WEEK 2: “Open Source” mini project

AS A MAINTAINER:

  • Your back-end application should be fully documented with SETUP instructions and CONTRIBUTING guidelines.
  • Your scrum board should be publicly viewable and several issues should be available for contributors to choose from.
  • Available issues should be thoroughly documented, giving good context and laying out clear expectations in order for contributors to have a clear idea of what to work on.
  • When contributors create a PR, conduct a thorough code review, leave comments with requests for tweaks, and eventually close or merge the PR.

AS A CONTRIBUTOR:

  • You will find an open issue to work on and communicate your intent to work on that issue to the maintainers.
  • Set up the repo according to the SETUP instructions documented in the repo you will be working on.
  • Be sure your contributions conform to the standards provided by the maintainer’s CONTRIBUTING documentation.
  • Respond to requests for updates or changes on your PR.

WEEK 2: Front-End Documentation site

  • Create a separate front-end repository that will consume and document the back-end repository.
  • Provide a page that documents the available endpoints, the data that will be received, and the data the user must send.
  • The site should be interactive, allowing a developer to “try out” endpoints.
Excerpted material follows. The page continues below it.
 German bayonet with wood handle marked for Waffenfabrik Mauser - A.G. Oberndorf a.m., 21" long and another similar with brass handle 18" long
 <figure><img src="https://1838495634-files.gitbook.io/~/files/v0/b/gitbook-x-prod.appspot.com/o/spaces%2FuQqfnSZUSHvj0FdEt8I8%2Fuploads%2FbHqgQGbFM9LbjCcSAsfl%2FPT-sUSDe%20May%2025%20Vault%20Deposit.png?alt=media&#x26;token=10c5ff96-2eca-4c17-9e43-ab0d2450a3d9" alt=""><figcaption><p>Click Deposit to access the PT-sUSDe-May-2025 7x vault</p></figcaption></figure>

Think of building out something like Postman specifically for your back-end.
  • This front-end documentation site should be a single page and can be written in Javascript, jQuery, or React.
  • The documentation site must be deployed to Heroku using continuous integration with TravisCI.

Evaluations

We will have two evaluations throughout the course of the project.
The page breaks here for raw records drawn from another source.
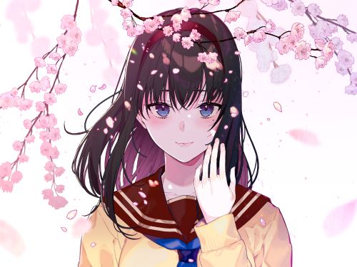 即使面前的女生用那动人的桃花眼真挚地凝视着我的双眸,同时强有力的风吹得樱花与她散下的发丝一同乱舞,造成一番视觉上的“樱花雨”,但我的内心却被这风吹得杂乱,在这阵花雨被冲走了一份感情。
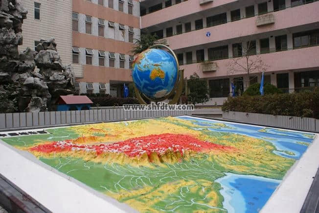 根據(jù)衛(wèi)星遙感資料和地形等高線精雕模具,嚴格按國家規(guī)定圖例顏色著色,聲光電一體化產(chǎn)品。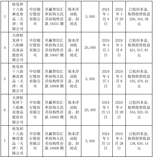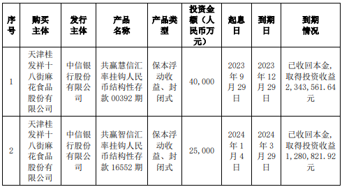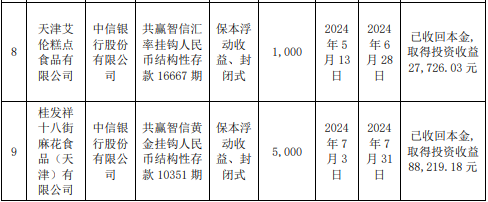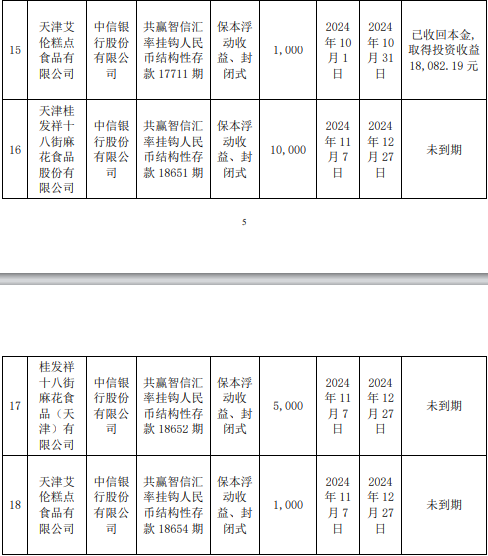 11月7日,桂发祥披露关于购买理财产品的进展公告。根据上述决议,公司及全资子公司桂发祥十八街麻花食品(天津)有限公司、天津艾伦糕点食品有限公司近期使用暂时闲置自有资金共计人民币16,000万元购买结构性存款产品,并与中信银行股份有限公司天津分行签订了协议。本次购买的理财产品为短期低风险的保本浮动收益型结构性存款,期限为50天。

At the end of Week 1, we will have a benchmark to see whether or not the Week 1 expectations are met.

At the end of Week 2, we will have an evaluation to look over the server, the PRs from the mini open source project, and the front-end documentation site.

To pass the project, all base expectations must be met in a timely manner.


Common Gotchas with Seeding Data:

  • You’ll probably have to do some sort of data manipulation/massaging before you try to seed. Think about how YOU want YOUR data to look before just dumping the data you found into your database. Do any manipulations you need to on your dataset before trying to seed. (e.g. you might want to rename, delete, or add columns)
  • The data records you pull might already have unique IDs on them. Feel free to use these as your primary keys instead of wiping them out and creating new ones.
  • You’re going to be seeding a lot of data all at once. Recall the “Seeding Large Datasets” example from the Knex Lesson Plan and brush up on how to work with Promise.all()
  • Remember you often have to RETURN the Promises you’re using in your seed file. If you aren’t getting any errors, but your data isn’t being seeded, you’re likely forgetting a return statement.
  • If you’re trying to transform data from a CSV file, avoid using this library.